*** Opening of Material provided ***

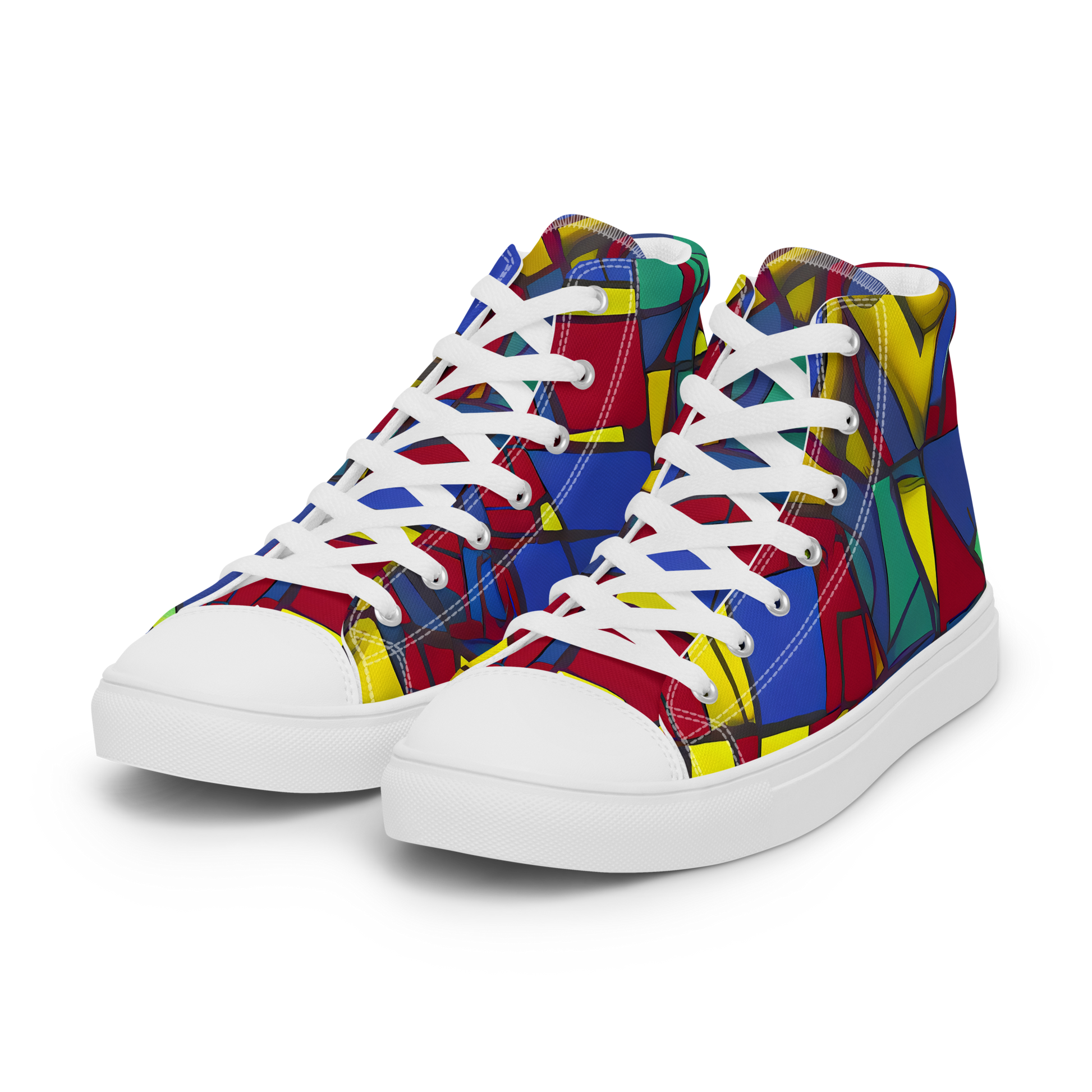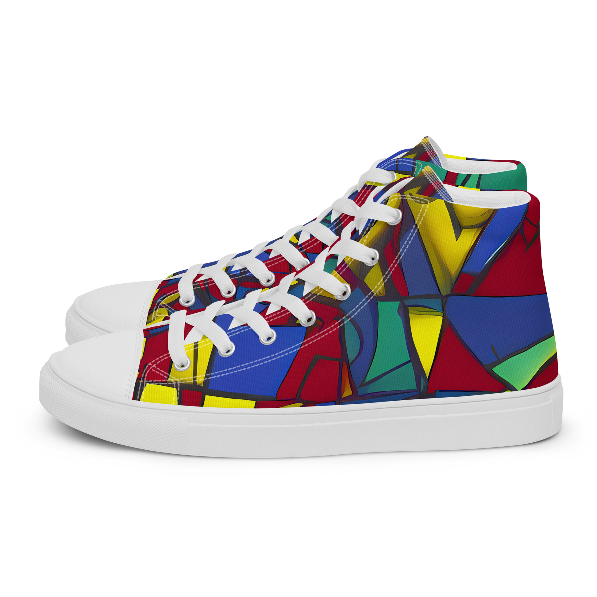 Unleash your artistic flair with our Women's High Top Canvas Shoes, featuring the electrifying "Vibrant Vexation" pattern! This eye-catching design showcases a bold geometric abstraction of striking red, vivid blue, and sunny yellow, intertwined with assertive black lines that echo modern art's dynamic spirit. Perfect for making a statement at creative events or casual outings, these shoes are not just footwear; they're a celebration of your confident, expressive style. Step into a world where comfort meets creativity!
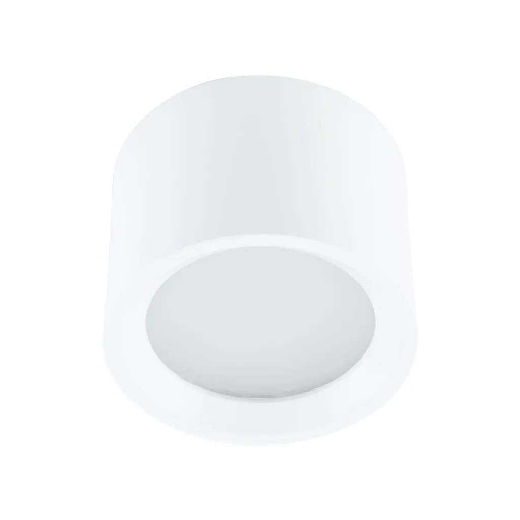 • Вневременный потолочный точечный светильник белого цвета.
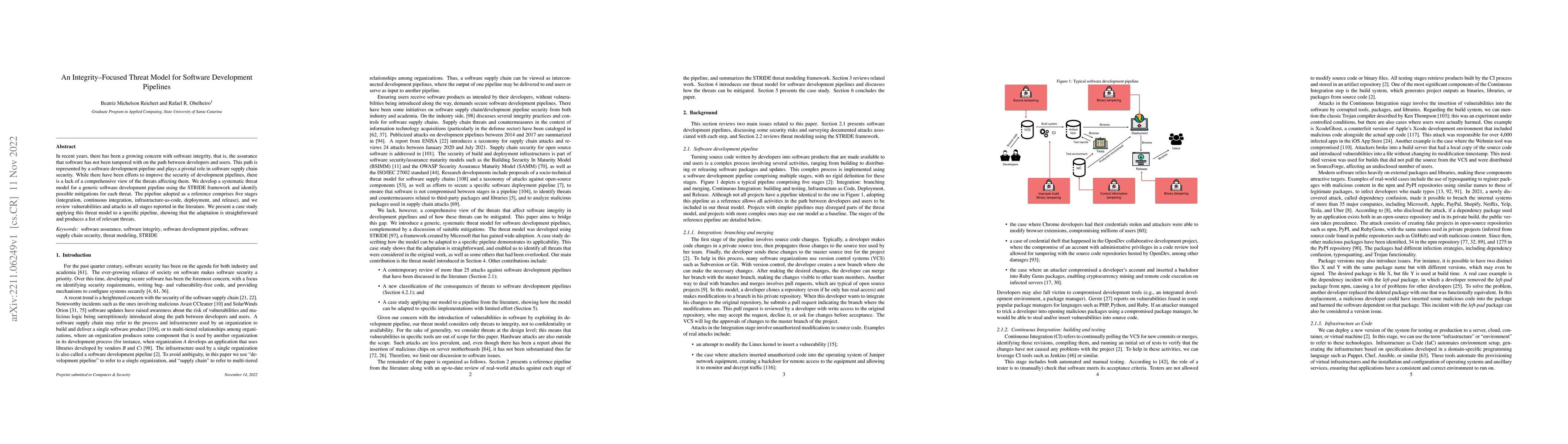 This paper develops a systematic threat model for software development pipelines using the STRIDE framework to identify and mitigate threats across five stages: integration, continuous integration, infrastructure-as-code, deployment, and release. It demonstrates the model's application through a case study, highlighting its effectiveness in identifying relevant threats.
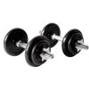 – Están elaboradas de hierro fundido de 20Kg cada una, cubiertas con una capa protectora de esmalte horneado anticorrosiva. Este set incluye dos barras de 1” (rosca americana), con mango moleteado antiresbalante que te darán agarre máximo en todo momento.
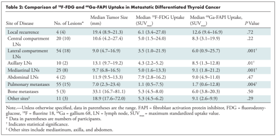 68Ga-FAPI與18F-FDG在mDTC中的攝取比較:相較于18F-FDG,68Ga-FAPI在肝臟、心臟、胃腸道及腦組織中本底更低??傮w而言,68Ga-FAPI在多數(shù)mDTC病灶中的SUVmax要明顯高于18F-FDG(7.03 vs 4.15;P<0.001)。特別是在頸部側(cè)頸區(qū)淋巴結(jié)、腋窩淋巴結(jié)、縱隔淋巴結(jié)及肺轉(zhuǎn)移灶中,68Ga-FAPI的SUVmax要顯著高于18F-FDG(圖2、表2)。
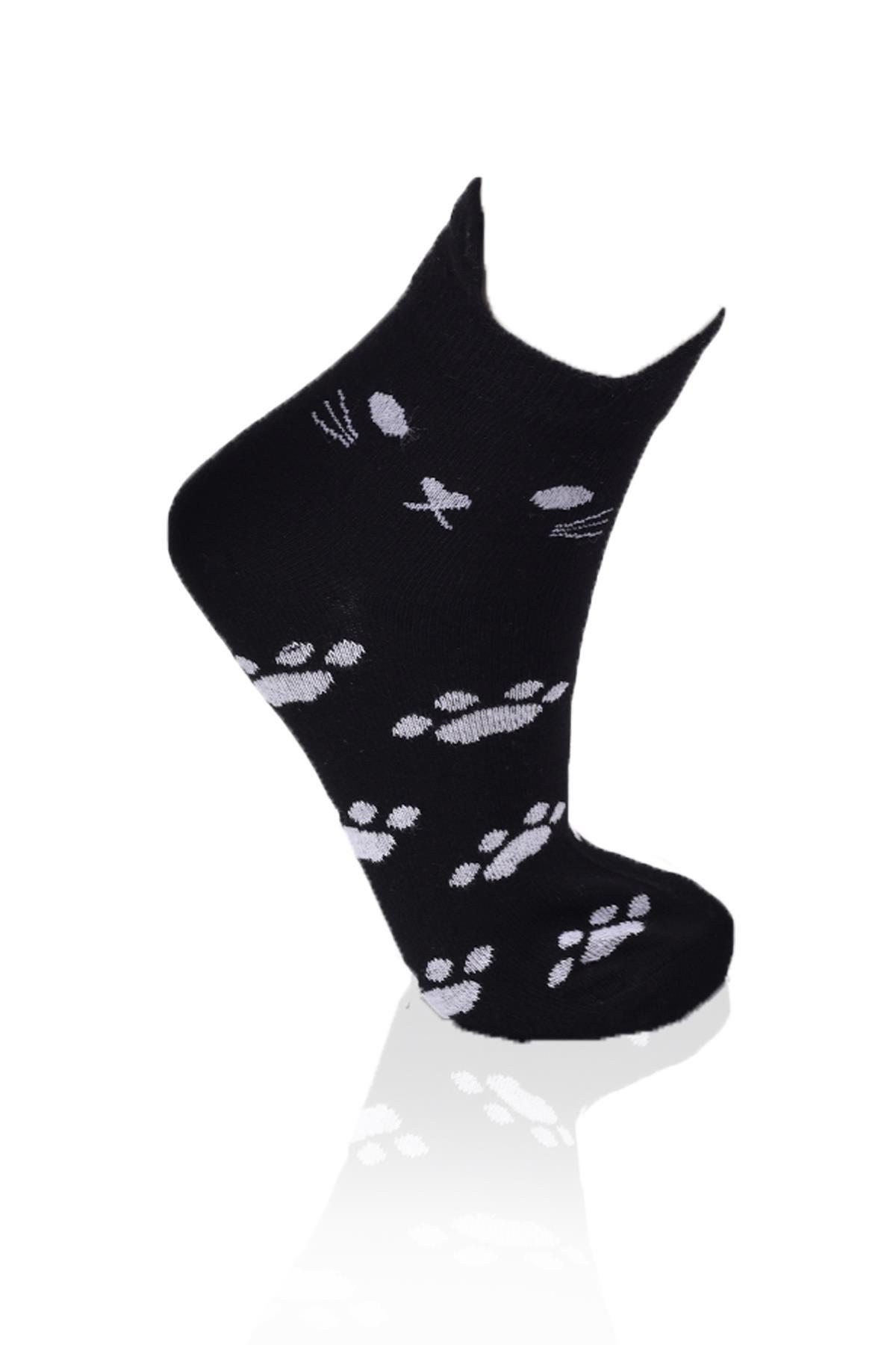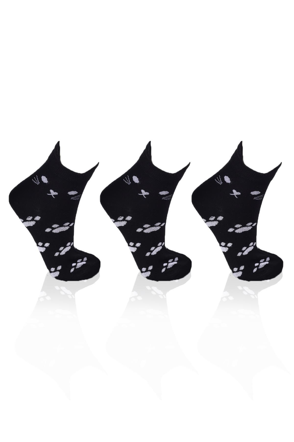 Siyah Üç Boyutlu Kedili 3'lü Patik Çorap 1105

*** Close of Material provided ***

▶ Task to complete
Copy the lines above exactly and exclude every image.

▶ Answer for this exercise
 Unleash your artistic flair with our Women's High Top Canvas Shoes, featuring the electrifying "Vibrant Vexation" pattern! This eye-catching design showcases a bold geometric abstraction of striking red, vivid blue, and sunny yellow, intertwined with assertive black lines that echo modern art's dynamic spirit. Perfect for making a statement at creative events or casual outings, these shoes are not just footwear; they're a celebration of your confident, expressive style. Step into a world where comfort meets creativity!
 • Вневременный потолочный точечный светильник белого цвета.
 This paper develops a systematic threat model for software development pipelines using the STRIDE framework to identify and mitigate threats across five stages: integration, continuous integration, infrastructure-as-code, deployment, and release. It demonstrates the model's application through a case study, highlighting its effectiveness in identifying relevant threats.
 – Están elaboradas de hierro fundido de 20Kg cada una, cubiertas con una capa protectora de esmalte horneado anticorrosiva. Este set incluye dos barras de 1” (rosca americana), con mango moleteado antiresbalante que te darán agarre máximo en todo momento.
 68Ga-FAPI與18F-FDG在mDTC中的攝取比較:相較于18F-FDG,68Ga-FAPI在肝臟、心臟、胃腸道及腦組織中本底更低??傮w而言,68Ga-FAPI在多數(shù)mDTC病灶中的SUVmax要明顯高于18F-FDG(7.03 vs 4.15;P<0.001)。特別是在頸部側(cè)頸區(qū)淋巴結(jié)、腋窩淋巴結(jié)、縱隔淋巴結(jié)及肺轉(zhuǎn)移灶中,68Ga-FAPI的SUVmax要顯著高于18F-FDG(圖2、表2)。
 Siyah Üç Boyutlu Kedili 3'lü Patik Çorap 1105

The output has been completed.